Penner ressalta que mais de 90% da carteira de investimentos do setor – que inclui reservas técnicas, livres, capital da seguradora – está em títulos do governo, de baixíssimo risco. O presidente da Fenaprevi, Antonio Cássio dos Santos, acrescenta que as regras de aplicação dos recursos valem também para o capital da própria seguradora. “Só no Brasil ocorre de o regulador definir como a seguradora deve aplicar seu dinheiro”, diz.

No caso dos planos tradicionais, os primeiros a serem vendidos, a seguradora garante uma rentabilidade mínima (em geral, IGP-M mais 6% ao ano) para o participante durante a fase de acumulação, assumindo o risco. “Se ela não conseguir no mercado a remuneração a que se comprometeu, terá de tirar dinheiro de seu patrimônio”, diz Magela, da Mercer.

Penner, da Susep, lembra que esses planos em que o benefício é definido, além de não serem mais vendidos há algum tempo, são residuais. Dados da Fenaprevi mostram que do total de 8,9 milhões de participantes do sistema de previdência aberta no país, não mais de 1,5 milhão de pessoas têm planos tradicionais. Em termos de volume, os planos tradicionais reuniam R$ 30,9 bilhões em recursos acumulados pelos participantes em setembro, de um total de R$ 135,8 bilhões do setor.
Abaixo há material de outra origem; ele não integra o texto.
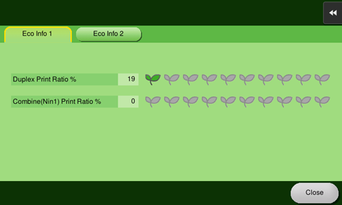 The Eco Info function automatically calculates the ratio of paper saving by two-sided printing or page combine function and a transition of power consumption based on the usage of this machine, all of which enables you to check the resulting eco information. You can review the operation method of this machine based on eco information to develop an awareness of costs and work to reduce costs.
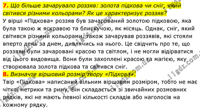 7. Що більше зачарувало роззяв: золота підкова чи сніг, який світився різними кольорами? Як це характеризує роззяв? У вірші «Підкова» роззяв був зачарований золотою підковою, яка була такою ж яскравою та блискучою, як місяць. Однак, сніг, який світився різними кольорами, також зачарував роззявів, які стояли вперто день за днем, дивлячись на нього. Це свідчить про те, що роззяви були зачаровані красою та світлом, і не могли відірватися від цього видовища. Вони були захоплені красою та магією, яку створювала золота підкова та світився сніг. 8. Визначте віршовий розмір твору «Підкова». Твір «Підкова» написаний вільним віршовим розміром, тобто не має чіткої метрики та риму. Він складається зі звичайних розмовних рядків, які не мають певної кількості складів або наголосів на кожному рядку.
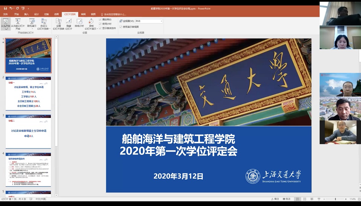 3月12日,萝莉社 2020年第一次学位评定会采用线上+线下的形式如期召开,在萝莉社 会议室设线下会场,通过ZOOM平台设立了线上评定会场,共有3名委员线下参会,10名委员线上参会。共审核258名研究生学位申请,其中博士生14名、硕士生244名。评审结果已提交学部学位评定委员会、学校学位评定委员会进行下一步评审,切实保障原计划3月底毕业同学能够顺利获得学位。
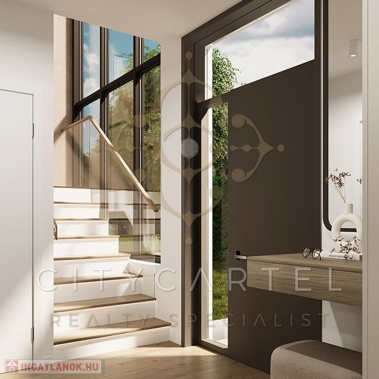 A szemet vonzó, design külső megjelenés a belső terekben is visszaköszön: kiemelt belsőépítészeti megoldások, prémium minőségi fa anyagok, a természet színeivel megépített belső terek, luxus kivitelben elkészült fürdők, konyha. Beépített lépcsőmegvilágítás, hangulat világítás megoldások.
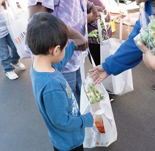 A young boy receives fresh vegetables at a Feeding America Riverside | San Bernardino food distribution site.

Além disso, destaca o presidente da Brasilprev, Tarcísio Godoy, a maior parte dos planos tradicionais está em fase de captação, o que minimiza o risco de colapso de seguradoras por conta de pagamento de benefícios. “A regulação atual também exige que se façam provisões para futuros beneficiários.” Santos, da Fenaprevi, conta que os planos tradicionais estão relativamente protegidos. “Ao longo dos últimos dez anos, o governo emitiu papéis indexados ao IGP-M com prazos de 30, 40 anos, que foram comprados na maioria por seguradoras”, diz o executivo, também presidente da Mapfre.

Outro ponto importante, afirma Santos, é que as regras para aplicação de recursos de planos tradicionais são ainda mais rígidas. Tanto na fase de acumulação quanto na de benefício, o investimento em ações está limitado a 7% do total de recursos da conta geral da seguradora. No caso dos PGBLs e VGBLs, os 7% só valem para a aplicação das reservas comprometidas com o pagamento do benefício.

A previdência privada aberta no Brasil é ainda jovem. “O percentual de reservas atribuídas para o pagamento de benefícios hoje, independente do plano, é mínimo (cerca de 3%, segundo a Fenaprevi)”, afirma Godoy, da Brasilprev. Ele lembra ainda que os recursos aplicados em PGBLs e VGBLs entram na seguradora em caixas separadas das que recebem os aportes de planos tradicionais. “É impossível arbitrar entre produtos.”